M&A and Corporate Advisory Director at RSM Poland
Completion Accounts is one of the two mechanisms (the other being the Locked Box) used to determine the final price in the process of closing M&A transactions. In this model, the final acquisition price is determined only on the basis of the balance sheet of the target entity prepared as at the date of signing the final contract that transfers the ownership from the Seller to the Buyer. However, the practice shows that preparing such data for the said date is actually impossible, and the process of obtaining and processing it can take weeks or even months after the Share Purchase Agreement has been concluded. So how does it work?
Basis for pricing
The name of the mechanism, Completion Accounts, reflects what it is all about quite comprehensively. Completion Accounts is the “completion” documentation that primarily includes the balance sheet and a profit and loss account prepared for the target company as at the date of completion of the transaction based on the guidelines presented in the Share Purchase Agreement. However, as I have already mentioned, the process of preparing it sometimes continues long after the sales contract has been signed. Why is that so?
The Buyer is responsible for compiling and preparing the data being the basis for determining the final price, and it is very often the Buyer who draws up Completion Accounts.

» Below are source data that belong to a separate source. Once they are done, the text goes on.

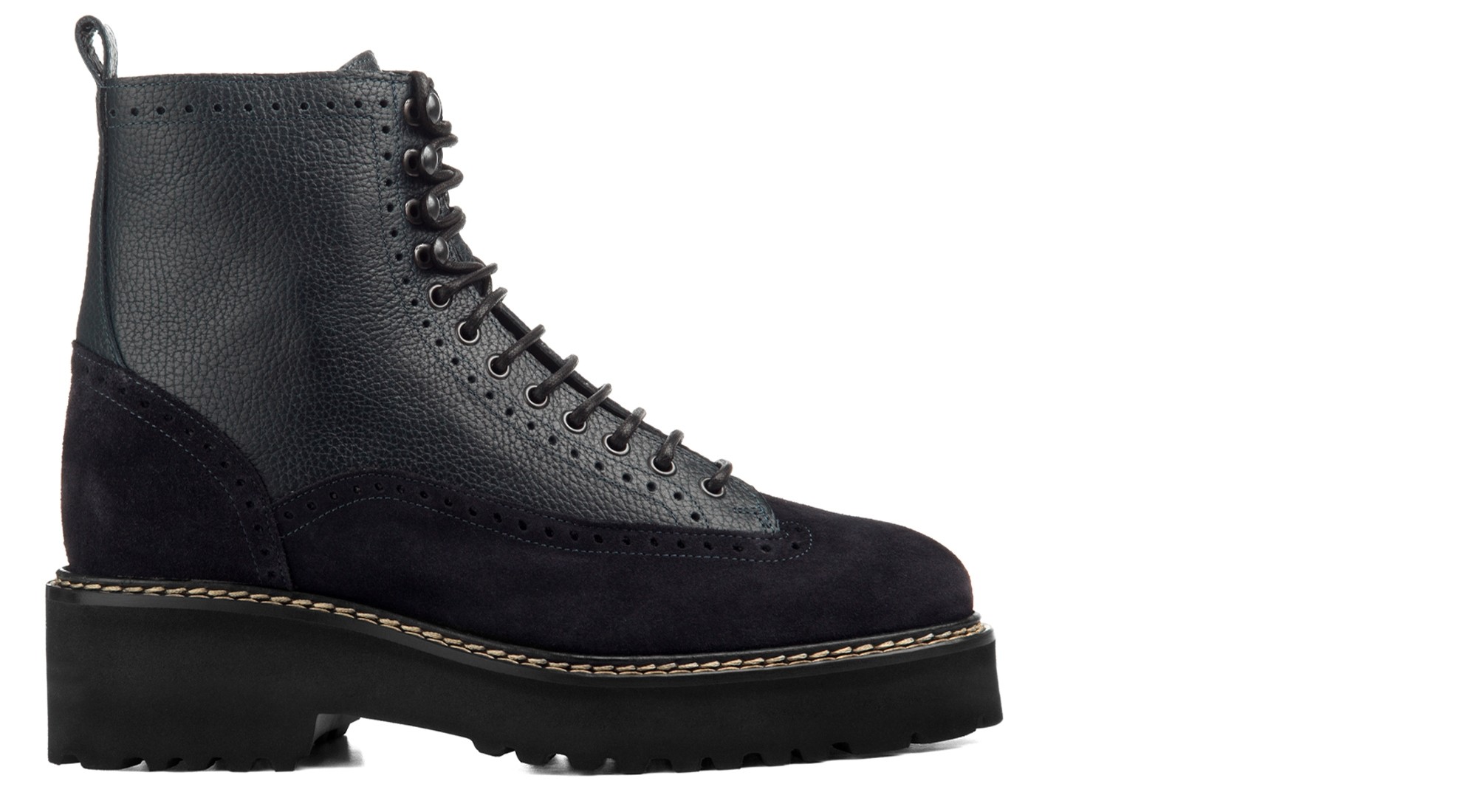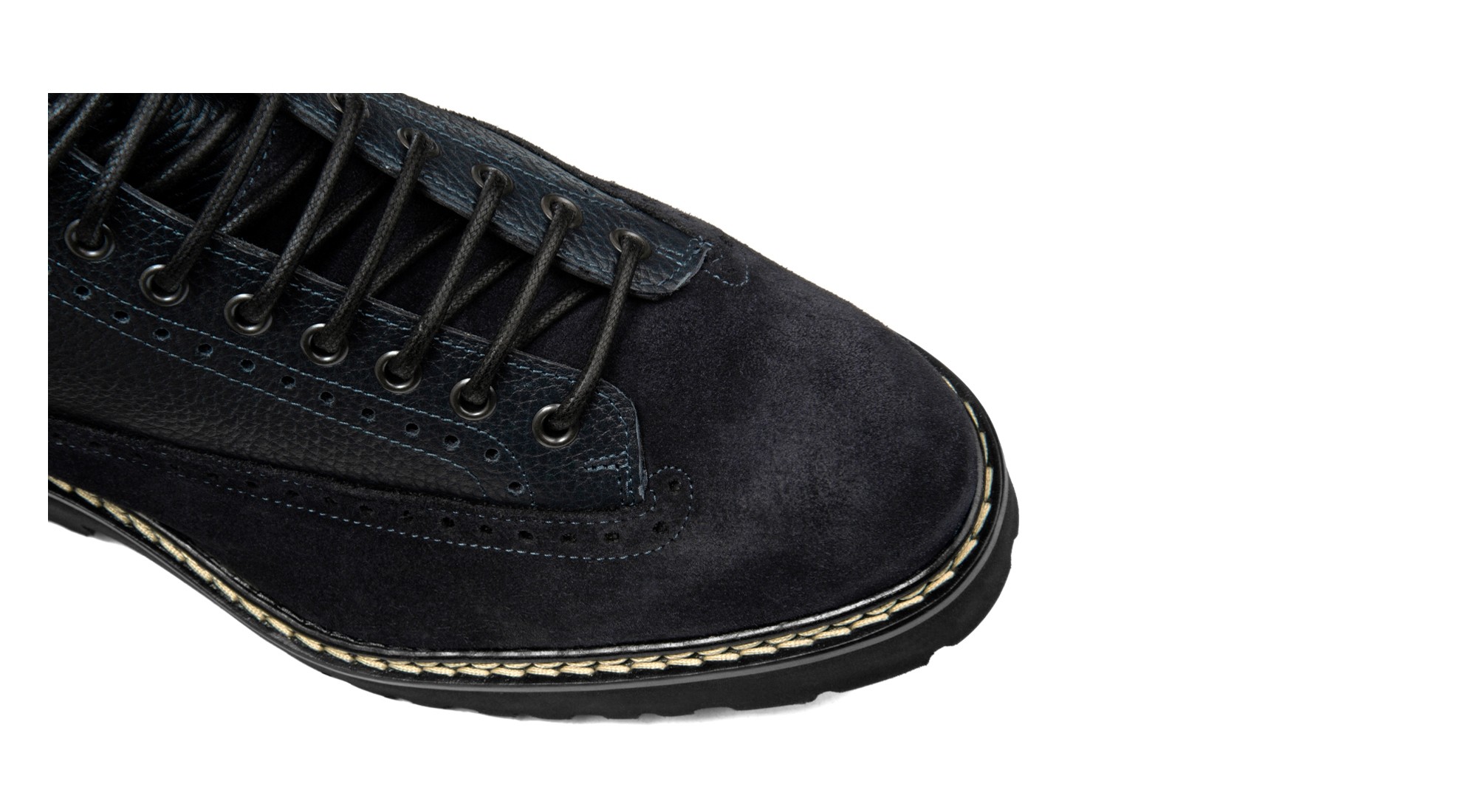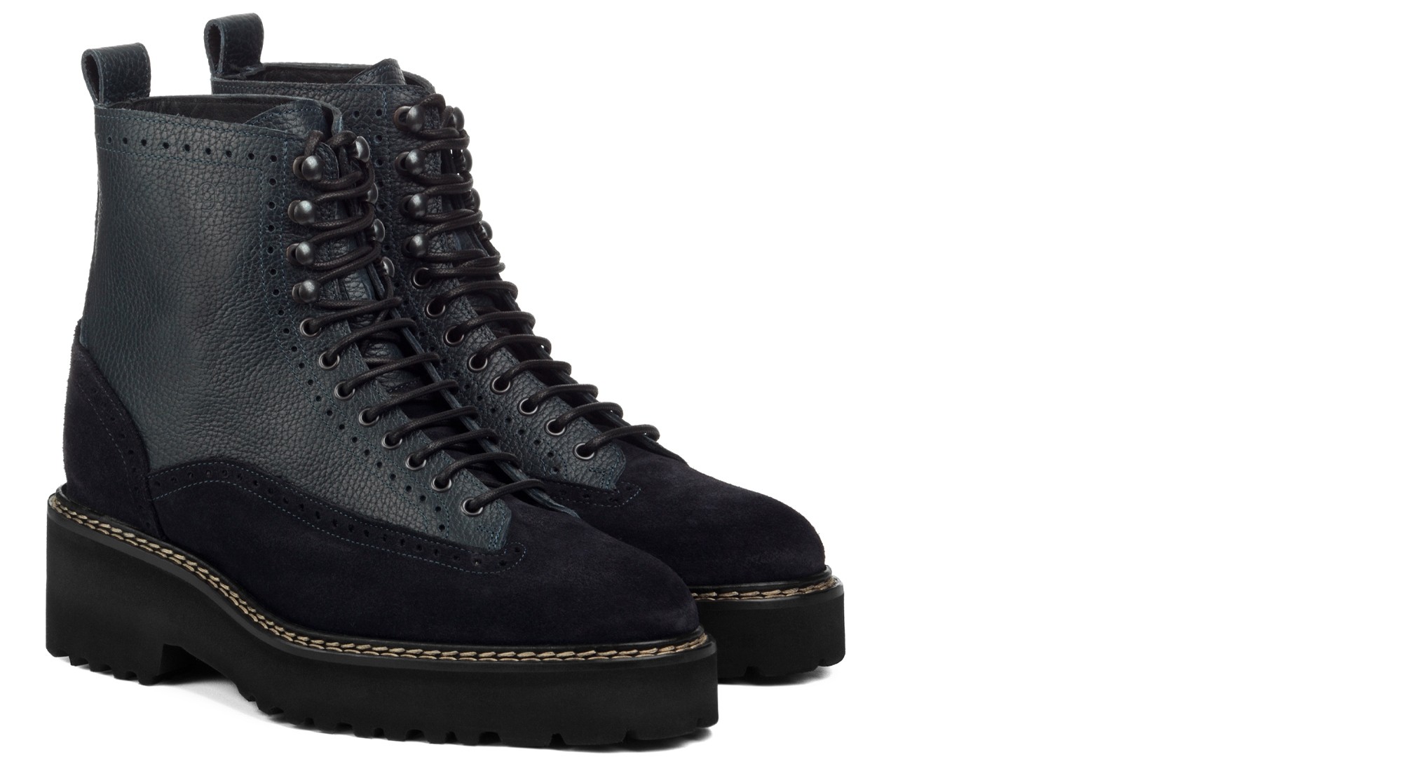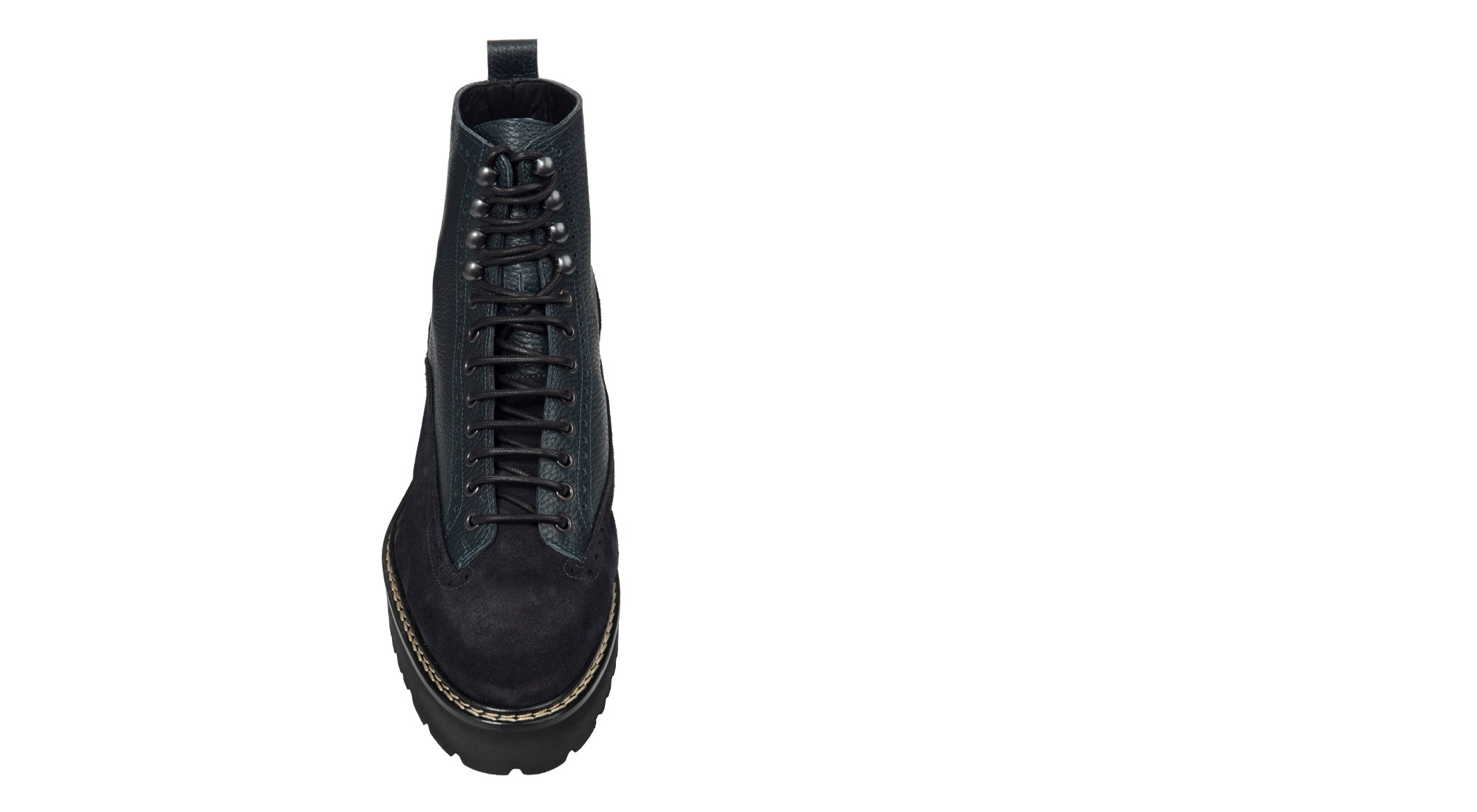 The dark upper made is in blue tumbled calf leather, while the toe cap is in blue suede. The laces end with comfortable hooks that embellish the model. This boot increases height by up to 6 inches (15 centimeters). Handmade in Italy.
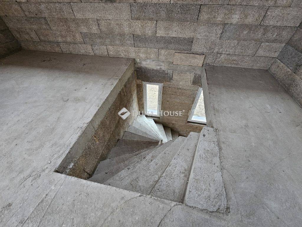 Az emeletre lépcső vezet, ahol kialakításra kerül 4 szoba, két zuhanyzó, konyha és terasz is.
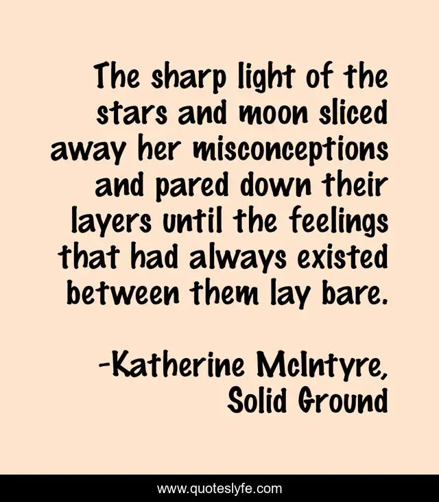 This page presents the quote "The sharp light of the stars and moon sliced away her misconceptions and pared down their layers until the feelings that had always existed between them lay bare.". Author of this quote is Katherine McIntyre, Solid Ground. This quote is about longing, regret, feelings, moonlight, shared-feelings, misconceptions,.
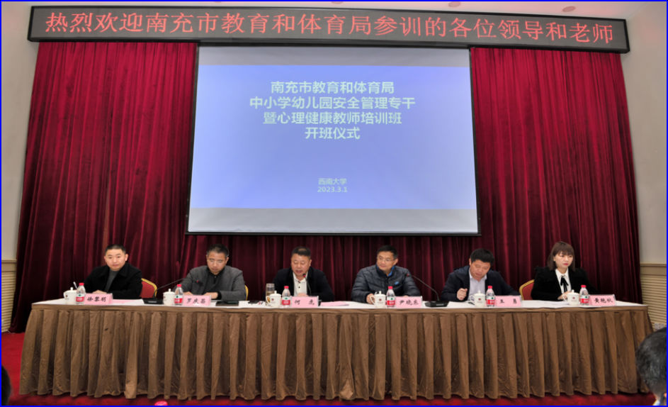 2023年2月28日,来自南充市教体系统的130余名管理人员和一线教师齐聚西南大学,参加由南充市教育体育局组织,必威西汉姆官网平台承办的中小学(园)安全管理和心理健康教育培训,接受一场培训的思想盛宴,开启了为期五天的学习之旅。本次培训,必威西汉姆官网平台高度重视,从课程设置、专家团队、食宿安排等方面都作了精心策划和充分准备。“千红万紫安排著,只待新雷第一声”。 3月1日上午,开班典礼在西南大学桂园金桂厅举行。
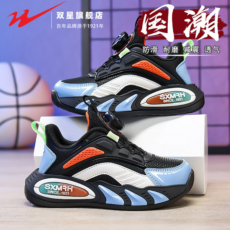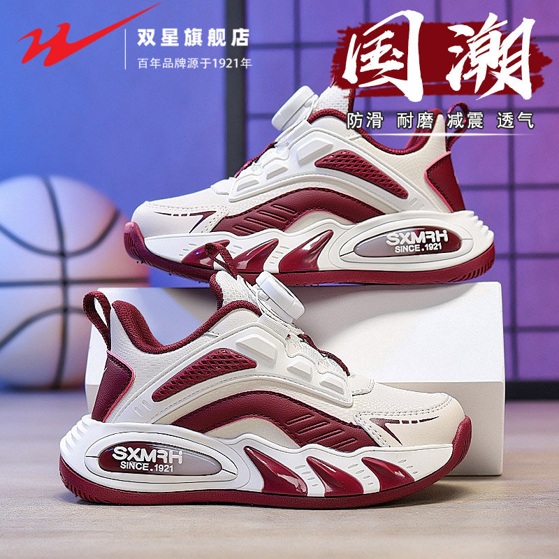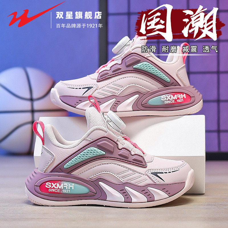 双星女童鞋春秋款2026新款女孩运动篮球鞋防滑减震旋转纽扣跑步鞋
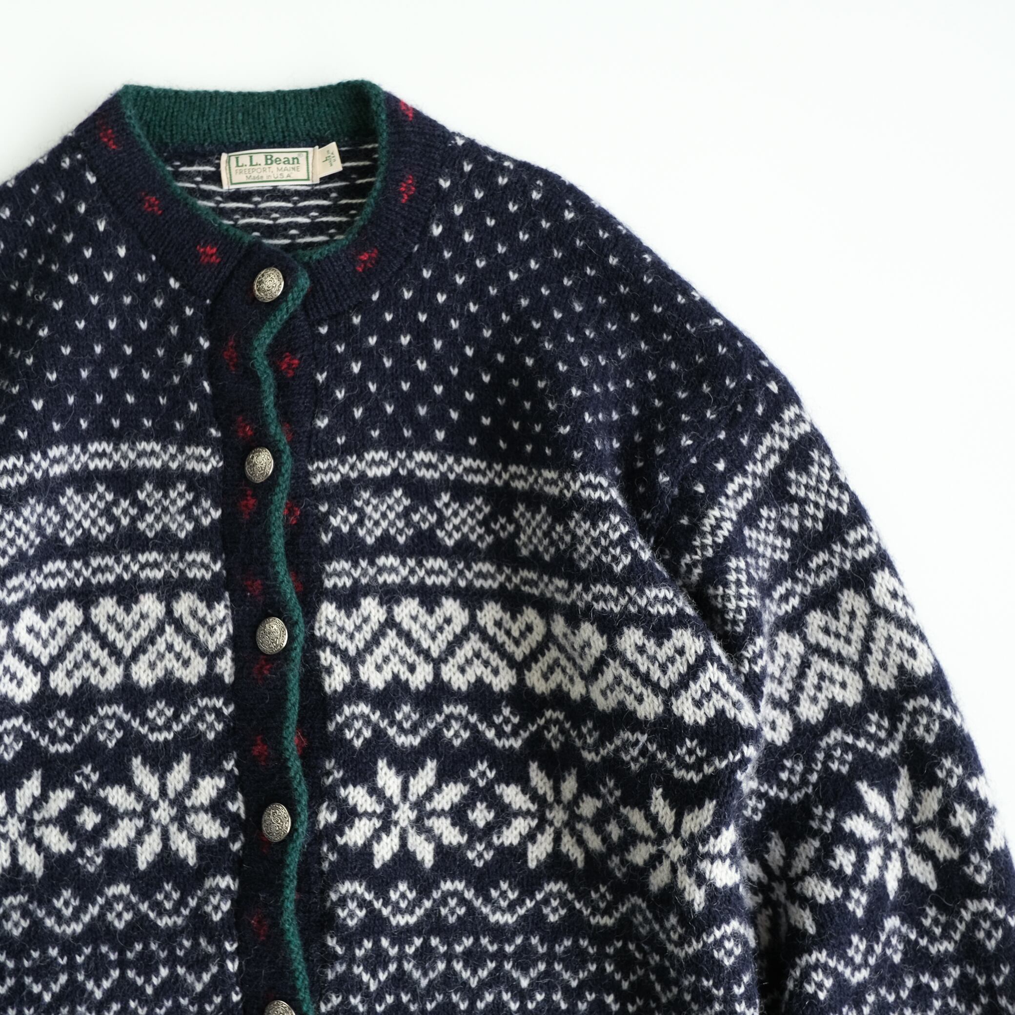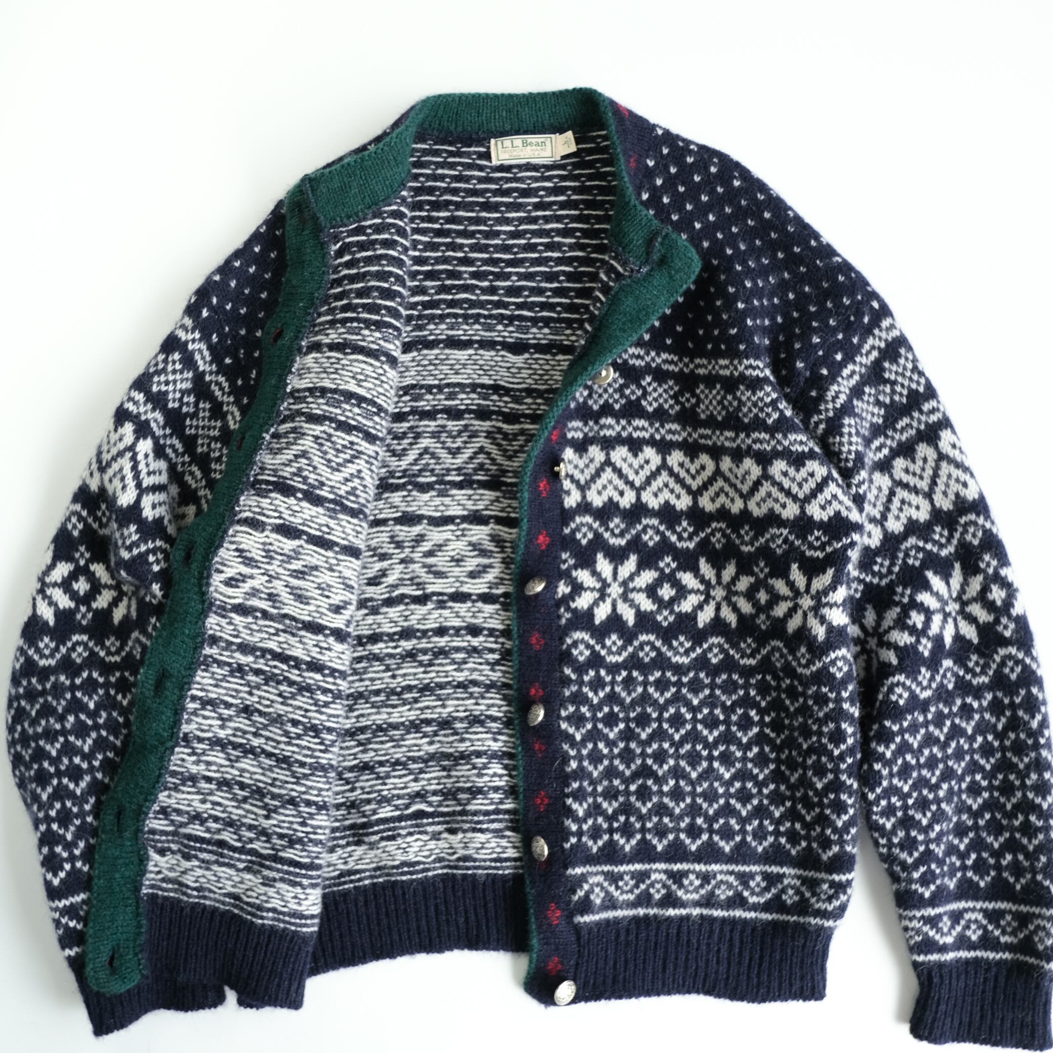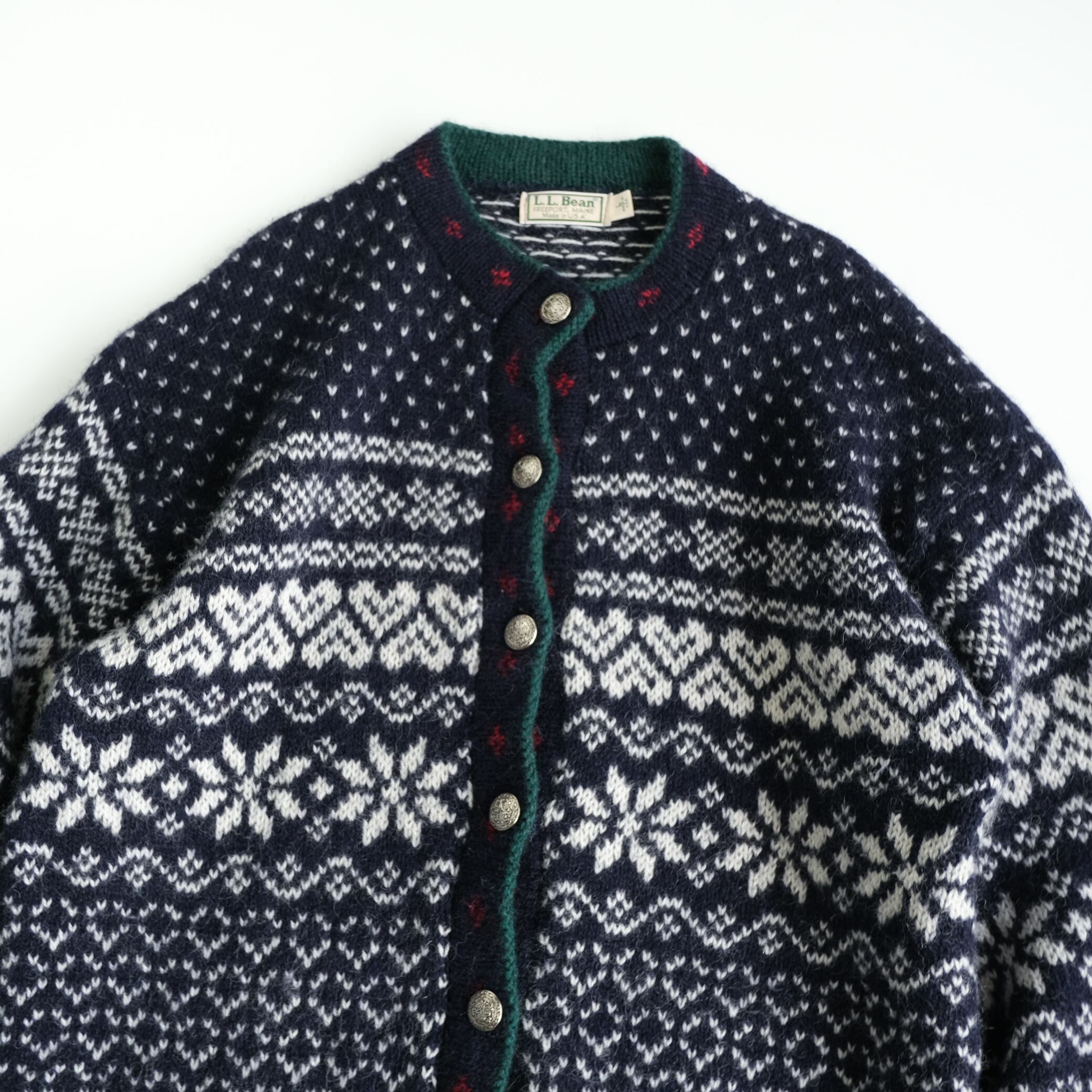 「エルエルビーン」USA製80年代頃の総柄ノルディックカーディガンです。

This results from the fact that from a formal point of view, i.e. on the basis of a concluded SPA, the Buyer is the owner of the target company at the time when the final price is being determined. Thus, the Buyer has full access to any documentation of the entity taken over. It should be pointed out that the sales contract that has been signed usually obliges the Seller to cooperate in this respect.
In the Completion Accounts mechanism, the expected (approximate) acquisition price, which is being calculated and settled as at the date of signing the final contract, is usually based on estimates. It is then adjusted so as to arrive at a final acquisition price once relevant data prepared for the transaction closing date is available.
In practice, the Share Purchase Agreement maps out, in detail, not only the structure of the price itself, but also its different components that will eventually be adjusted. The methodology of price adjustment often includes the following elements:
- the level of EBITDA achieved by the target company, multiplied by a relevant (arms length) indicator of its multiple, determining the value of the target company: this is usually a fixed price component,
- working capital and net debt, usually subject to a significant review and adjustment.
It should be noted here that the concepts of a working capital and net debt are often re-defined and their contents are adjusted to a specific transaction; therefore, their wording is usually clearly described in detail in the contract.
Deal is done, so let’s sail to shore
As compared with the acquisition price initially set on the basis of estimates, the final price can be one of the three options:
- it stays the same, which is highly unlikely,
- it is higher and the Buyer makes a top-up payment to the Seller,
- it is lower and the Seller repays part of the price to the Buyer.
What should be mentioned here is that collar can be applied, meaning that you define the level of adjustment for which no price revision is necessary.
The price calculated by the Buyer together with its components are all subject to verification by the Seller, and if there are no reservations, the Seller gives its final approval. However, life is like a box of chocolates and moods can change. It happens that final price adjustments raise doubts and objections on the part of the Seller. In such case, it seems a good idea to have an external, impartial expert calculate the final price along with all its parameters. Remember that the game is not decided until it is over.